There are some good ideas (e.g. regarding the structure of the narration), but all in all I'm missing the satirical sharpness of Robert Altman's "M.A.S.H.". Nichols' film is far too harmless, and the gags sometimes are utterly clumsy, annoying and embarrassing.
Hilarious! Yet another reason why Alan Arkin deserves any and all awards that could be given to him. He's one of the most underrated actors of his generation.
The film itself is a knockout blend of extraordinary humor and tragedy. The tragic madness of war was never better portrayed.
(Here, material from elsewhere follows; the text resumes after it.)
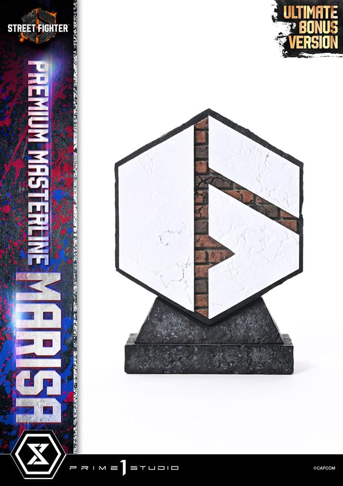 iWith Stunning Sculpting and Painting, the Fearless Pankratiast Strikes at the Heart! As additional characters continue to join the fray, Street Fighter 6 continues to build excitement. From this highly acclaimed title comes Marisa, brought to life in 3D by Prime 1 Studio's Premium Masterline series! Making her debut in Street Fighter 6, Marisa, the Pankratiast, swiftly captured the hearts of players. Now, her bold and daring appeal is fully embodied in this stunning statue. The hair, reminiscent of an ancient Greek helmet, has been carefully crafted to capture the perfect color and flow. Her confident expression is accurately recreated, right down to the glossy lips and the beauty mark near her left eye. The powerful muscles covering her body tell the story of her incredible strength, while the bulging veins and flushed skin add a touch of realism. Her finely detailed costume and accessories reflect her jewelry designer's touch. The base, featuring a sword and shield plunged into the ground, and flower petals drifting down, is inspired by the Colosseum stage. Pink LEDs and graffiti on the shutter add a street-style flair, drawing you into the world of the game. The Ultimate Bonus Version comes with various head and arm parts, allowing you to recreate Marisa's signature Goddess of the Hunt move, where she kisses her fist. You can also use the effect wall and head stands to create your own unique display combo. As a bonus for this version, a character graffiti logo stand is also included, bringing the hip-hop vibe of the game to your display. With the combination of artistry in painting, sculpting, and features, Prime 1 Studio's Critical Arts will strike right at your heart with their passionate love for Marisa! Product specifications: - Street Fighter 6 Themed Base?(with LED Illumination) - 3 x Swappable Heads (Serious, Kiss, Helmet) - 4 x Right Arms (Flexed, Holding Helmet, Kissing Fist, Relaxed Arm) - 2 x Head Stands - 1 x Effect Wall - 1 x Marisa Graffiti Logo Stand [BONUS PART] - LED Power Supply Method: TBA * Please prepare batteries, USB cables, or other necessary items depending on the final power supply method.

A mess, too cutely clever in places (like the tasteless use of Strauss' Thus Spach Zarathustra), it never manages the immense power of Heller's novel. But there are a few precious moments of Marcel Dalio as an old man in a brothel when the film comes magically to life.
The concept of the Catch-22 is an excellent extended metaphor for the impasses and conflicts of our flawed society. Nichols' adaptation is solid, but I would argue that beyond the ground-breaking premise, the book is a fairly rote anti-war satire which can't quite compete on a political level with 'The Thin Red Line', 'Apocalypse Now' and 'Dr Strangelove'.
If you had seen this only on a black and white television you would not know that it was visually perfect in panavision and that the perfect time to watch it was on remembrance day just after Donald Trump was elected President of the United States of America. And then it would all make perfect sense.
"What if everyone did that?' "Then I'd be crazy to do any different".
Social satire of the highest order, it's like Bunuel or something.
When you look at how Mike Nichols started out, performing comedy skits with Elaine May, so ahead of their time https://www.youtube.com/watch?v=lKL1tNv__kU you can see where his witty films come from. Brilliant screenplay, photography and cast, especially Alan Arkin. Loved it.
Terribly underrated. It always ends up getting compared to MASH because they came out the same year but if you can avoid the comparison and can separate the film from the book, Catch-22 is a great film with a great cast. Jon Voight, Alan Arkin & Bob Balaban are particularly good.
Orson Welles had the idea about making a film adaptation of the renown book, but ended up with only a minor part in it. A part that looks weirdly off-tone and banal. Otherwise, an intriguing satire of war as depersonalized bureaucratic loophole, offering more as a set of more or less successful sequences than an overall experience. I appreciate the "pale" aesthetics referencing Italian cinema of 50' and 60's.